Paco Fariña dijo al profesor en alta voz:

-Paco Yunque dice que su mamá tiene también mucha

plata.

     -¡Mentira, señor! –respondió Humberto Grieve-. Paco yunque miente, porque su mamá es la sirvienta de mi mamá y no tiene nada.

     El profesor tomó la tiza y escribió en la pizarra, dando la espalda a los niños.

     Humberto Grieve, aprovechando de que no le veía el profesor, dio un salto y le jalo de los pelos a Yunque, volviéndose a la carrera a su carpeta. Yunque se puso a llorar.

     -¿Qué es eso? –dijo el profesor, volviéndose a ver lo que pasaba.

     Paco Fariña dijo:

     -Grieve le ha tirado de los pelos, señor.

     -No, señor –dijo Grieve-. Yo no he sido. Yo no he movido de mi sitio.

     -¡Bueno, bueno¡ -dijo el profesor -. ¡Silencio¡ ¡Cállese Paco Yunque¡ ¡Silencio¡

     Siguió escribiendo  en la pizarra; y después preguntó a Grieve:

     -Si se le saca del agua, ¿qué sucede con el pez?

     -Va a vivir en mi salón –comentó Grieve.

     Otra vez se reían de Grieve los niños. Este Grieve no sabía nada. No pensaba más que en su casa y en su  salón y en su papá y en su plata. Siempre estaba diciendo tonterías.

     -Vamos a ver, usted Paco Yunque –dijo el profesor-. ¿Qué pasa con el pez, si se le saca del agua?

     Paco Yunque, medio llorando todavía por el jalón de los pelos que le dio Grieve, repitió de una tirada lo que dijo el profesor:

     -Los peces mueren fuera del agua porque les falta aire.

     -¡Eso es¡ -decía el profesor-. Muy bien.

     Volvió a escribir en la pizarra.

     Humberto Grieve aprovechó otra vez de que  no podía  verle   el profesor y fue a darle un puñetazo a Paco Fariña en la boca y regresó  de un salto a su carpeta. Fariña, en vez de llorar como Paco Yunque,  dijo a grandes voces al profesor:

     -¡Señor¡ 1Acaba de pegarme Humberto Grieve!

     -¡Sí, señor! ¡Sí, señor! –decían todos los niños a la vez.

     Una bulla  tremenda había en el salón.

     El profesor dio un puñetazo en su pupitre y dijo:

     -¡Silencio!

     El salón se sumió en un silencio completo y cada alumno estaba en su carpeta, serio y derecho, mirando ansiosamente al profesor. ¡Las cosas de este Humberto Grieve!  ¡Ya ven lo que estaba pasando por su cuenta! ¡Ahora habrá que ver lo que va a hacer el profesor, que estaba colorado de cólera! ¡Y todo por culpa de Humberto Grieve!
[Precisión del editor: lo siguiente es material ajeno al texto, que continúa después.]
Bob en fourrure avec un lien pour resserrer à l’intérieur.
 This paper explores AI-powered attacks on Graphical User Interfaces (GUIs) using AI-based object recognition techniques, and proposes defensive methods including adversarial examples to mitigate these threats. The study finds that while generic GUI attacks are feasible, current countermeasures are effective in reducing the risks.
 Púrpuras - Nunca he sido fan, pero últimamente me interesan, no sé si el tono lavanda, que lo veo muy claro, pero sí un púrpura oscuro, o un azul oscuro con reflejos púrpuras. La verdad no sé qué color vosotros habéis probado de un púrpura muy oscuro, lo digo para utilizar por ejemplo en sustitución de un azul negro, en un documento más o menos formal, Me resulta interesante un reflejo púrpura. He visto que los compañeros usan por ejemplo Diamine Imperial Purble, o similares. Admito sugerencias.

     -¿Qué desorden era ése? –preguntó el profesor a Paco Fariña.

     Paco Fariña, con los ojos brillantes de rabia, decía:

     -Humberto Grieve me ha pegado un puñetazo en la cara, sin que yo le haga nada.

     -¿Verdad, Grieve?

     -No, señor –dijo Humberto  Grieve-. Yo no le pegado.
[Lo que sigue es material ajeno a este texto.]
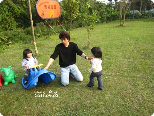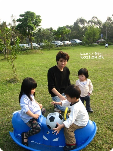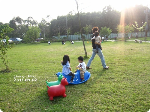 外面的大草皮還有很多批跳跳馬還有幾台小車子可以玩,
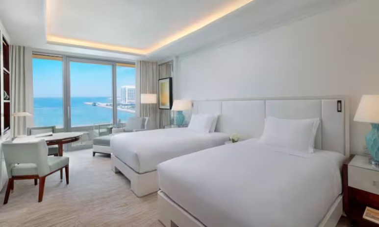 2 смежных номера Deluxe Sea View: двуспальная кровать king-size и 2 двуспальные кровати queen-size, 2 ванные комнаты с ванной и душем, 2 балкона, вид на залив;

     El profesor miró a todos los alumnos sin saber a qué atenerse ¿Quién de los dos decía la verdad? ¿Fariña o Grieve?

     -¿Quién lo ha visto? –preguntó el profesor a Fariña.

     -Todos, señor!  Paco Yunque también lo ha visto.
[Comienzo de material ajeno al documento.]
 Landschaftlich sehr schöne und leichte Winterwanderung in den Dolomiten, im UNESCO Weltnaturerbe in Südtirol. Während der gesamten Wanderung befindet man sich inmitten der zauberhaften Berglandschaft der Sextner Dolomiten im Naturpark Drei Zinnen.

     -¿Es verdad lo que dice Paco Fariña? –le preguntó el profesor a Yunque.

     Paco Yunque miró a Humberto Grieve y no se atrevió  a responder, porque si decía sí, el niño Humberto le pegaría a la salida. Yunque no dijo nada y bajó la cabeza.

     Fariña dijo:

     -Yunque no dice nada, señor, porque Humberto Grieve le pega, porque es su muchacho y vive en su casa.

     El profesor preguntó a los otros alumnos:

     -Quién otro ha visto lo que dice Fariña?

     -¡Yo, señor! ¡Yo, señor! ¡Yo, señor!

     El profesor volvió a preguntar a Grieve:

     -¿Entonces, es cierto, Grieve , que le ha pegado a Fariña?

     -¡No, señor! Yo no le he pegado

     -Cuidado con mentir Grieve. ¡Un niño decente como usted, no debe mentir!

     ¡No, señor! Yo no le he pegado.

     -Bueno. Yo creo en lo que dice usted. Yo sé que usted no miente nunca. Bueno. Pero tenga usted mucho cuidado en adelante.

     El profesor se puso a pasear, pensativo, y todos los alumnos seguían circunspectos  y derechos en sus bancos.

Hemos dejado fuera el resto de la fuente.